1. A stator for a motor comprising:

a core having a hollow portion and a plurality of tooth portions protruding from the hollow portion in a radial manner;

a plurality of insulators, corresponding to the tooth portions, disposed around the corresponding tooth portion respectively;

a plurality of windings, corresponding to the insulators, disposed around the corresponding insulator respectively; and

a plurality of back-iron portions surrounding the core and contacting the insulators along a direction opposite to the protruding direction of the tooth portions.

2. The stator as claimed in claim 1, wherein the back-iron portions are connected with each other by welding.

3. The stator as claimed in claim 1, wherein the back-iron portions are connected with each other by adhesion.

4. The stator as claimed in claim 1, wherein each of the back-iron portions is provided with a recessed portion and a projecting portion, whereby the back-iron portions are connected with each other by the engagement between the recessed portion and the projecting portion.

5. The stator as claimed in claim 1, further comprising:

a restricting portion surrounding the back-iron portions so that the back-iron portions contact each other around the core.

6. The stator as claimed in claim 1, wherein the core is magnetic material.

7. The stator as claimed in claim 1, wherein the back-iron portions are magnetic material.

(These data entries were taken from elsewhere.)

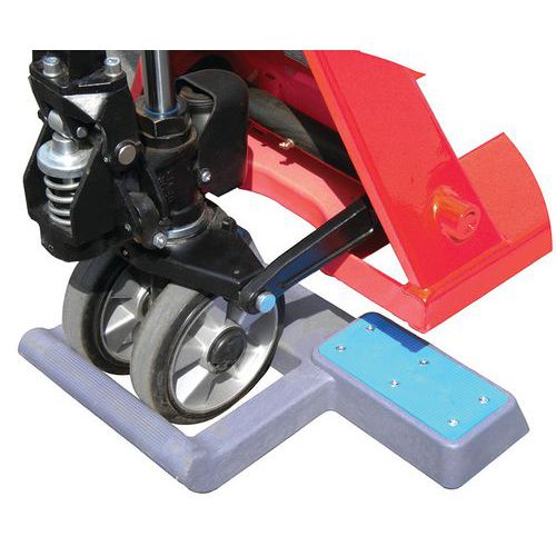| Intitulé du produit | Cale pour transpalette, Hauteur: 8 cm, Poids: 3.6 kg, Largeur: 390 mm, Longueur: 690 mm, Coloris: Bleu/gris |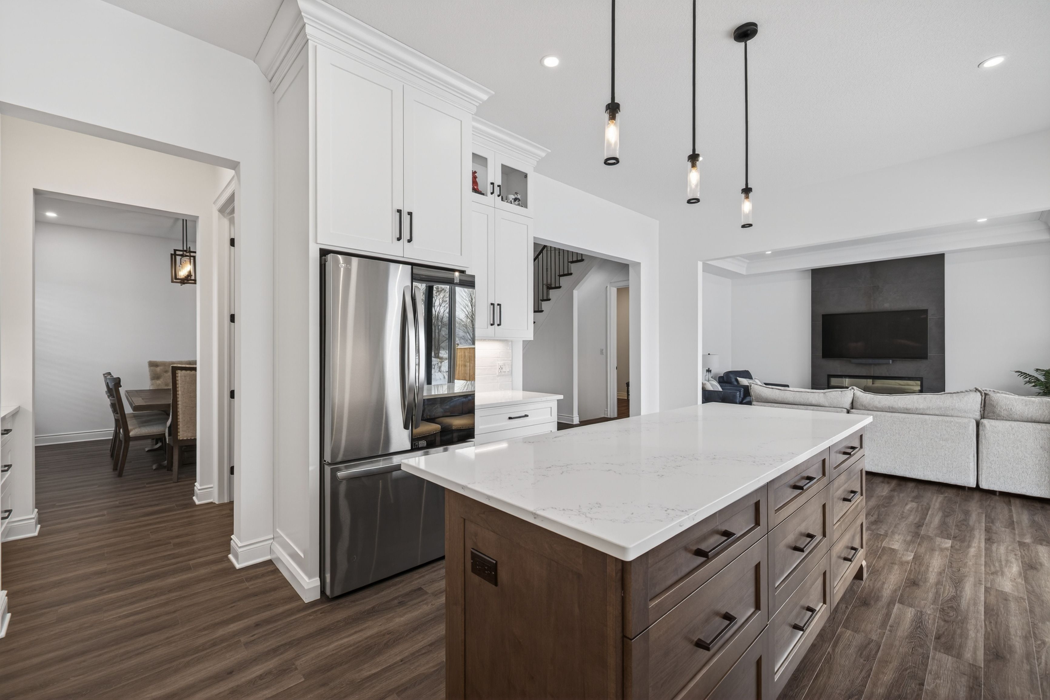 A statement of refined luxury, this impeccably upgraded residence offers an exceptional living experience in one of dorchester's most desirable enclaves. Boasting 6 bedrooms and 4. 5 bathrooms and offering over 4400 sq ft of finished living space. Dramatic ceiling heights with 10' main floor ceilings and 9' second floor ceilings set the tone for elegant, light-filled interiors designed for both everyday comfort and elevated entertaining. The main level unfolds through a welcoming foyer into a private home office, a formal dining space, complemented by an expansive butler's pantry and a truly bespoke chef's kitchen featuring an impressive 8' island, quartz countertops, and striking floor-to-ceiling custom cabinetry. Oversized patio doors lead to a covered rear porch, seamlessly blending indoor and outdoor living, while the great room's fireplace anchors the space with warmth and sophistication. A thoughtfully designed mudroom and stylish powder room complete the main floor. The second level is crowned by a serene primary retreat with a custom walk-in wardrobe and a spa-inspired ensuite boasting a freestanding soaker tub, custom tiled shower, dual vanities, and a private water closet. The second level is further enhanced by four additional bedrooms, including a private suite with its own ensuite and walk-in closet, while two bedrooms share an elegantly designed jack and jill bathroom. A spacious laundry room completes this level, offering both practicality and refined design. The fully finished lower level with external walk-up access offers outstanding versatility, featuring a large recreation room, kitchen with washer/dryer, bedroom, bathroom and generous storage-perfect for a private in-law suite or potential separate basement rental suite. Ideally positioned just minutes to highway 401 and london, this extraordinary home delivers luxury, functionality, and lifestyle in perfect harmony, too many upgrades to list, this home is a must see.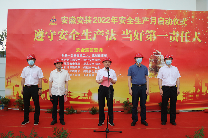 在全國第21個(gè)“安全生產(chǎn)月”活動(dòng)到來(lái)之際,5月30日上午,安徽安裝公司2022年“安全生產(chǎn)月”啟動(dòng)儀式在年配套1000萬(wàn)臺新能源汽車(chē)及年產(chǎn)2億臺制冷空調壓縮機關(guān)鍵性能件制造基地項目舉行。公司黨委書(shū)記、董事長(cháng)胡六中,紀委書(shū)記、工會(huì )主席李楊,副總經(jīng)理趙伯平,總工程師吳繼成及機關(guān)各部門(mén)、各分公司代表參加了本次活動(dòng)。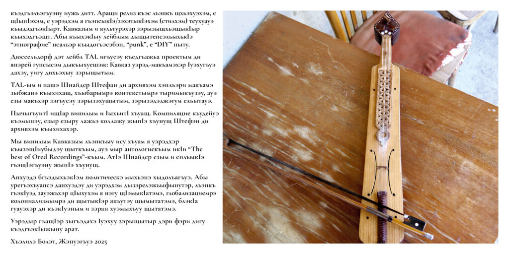 Whereas most academic ethnomusicologists travel around the world in order to study foreign cultures, Bulat Khalilov and Timur Kodzoko were fascinated by what they just heard in the familiar regions of their then home town Nalchik. In resolute contrast to Russian academic circles, they soon developed a DIY Punk ethos for their far reaching work, beginning to formulate their own language in the field of ethnomusicology and to push the traditions forward.
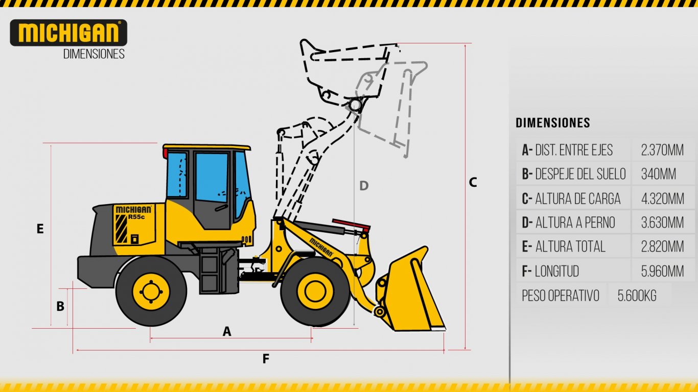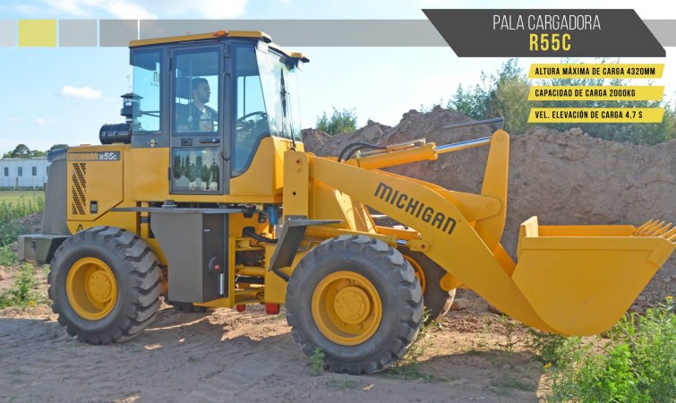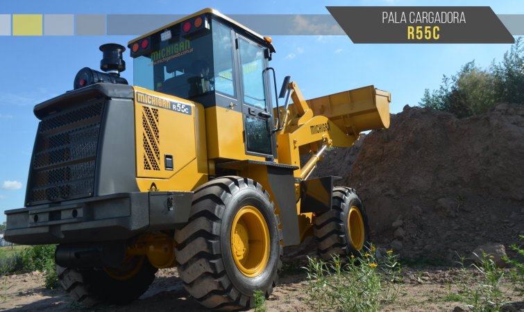 La pala cargadora Michigan R55C se mueve con un motor Cummins aspirado de 4 cilindros (3,900cc – 100HP) y transmisión Powershift 4 WD (2+2 velocidades) con la que alcanza una velocidad de crucero de 8.5/24 km/hora.

8. A stator for a motor comprising:

a core having a hollow portion and a plurality of tooth portions protruding from the hollow portion in a radial manner; and

a plurality of back-iron portions surrounding the core and contacting the tooth portions along a direction opposite to the protruding direction of the tooth portions.

9. The stator as claimed in claim 8, wherein the back-iron portions are connected with each other by welding.

10. The stator as claimed in claim 8, wherein the back-iron portions are connected with each other by adhesion.

11. The stator as claimed in claim 8, wherein each of the back-iron portions is provided with a recessed portion and a projecting portion, whereby the back-iron portions are connected with each other by the engagement between the recessed portion and the projecting portion.

12. The stator as claimed in claim 8, further comprising:

a restricting portion surrounding the back-iron portions so that the back-iron portions contact each other around the core.

13. The stator as claimed in claim 8, wherein the core is magnetic material.

14. The stator as claimed in claim 8, wherein the back-iron portions are magnetic material.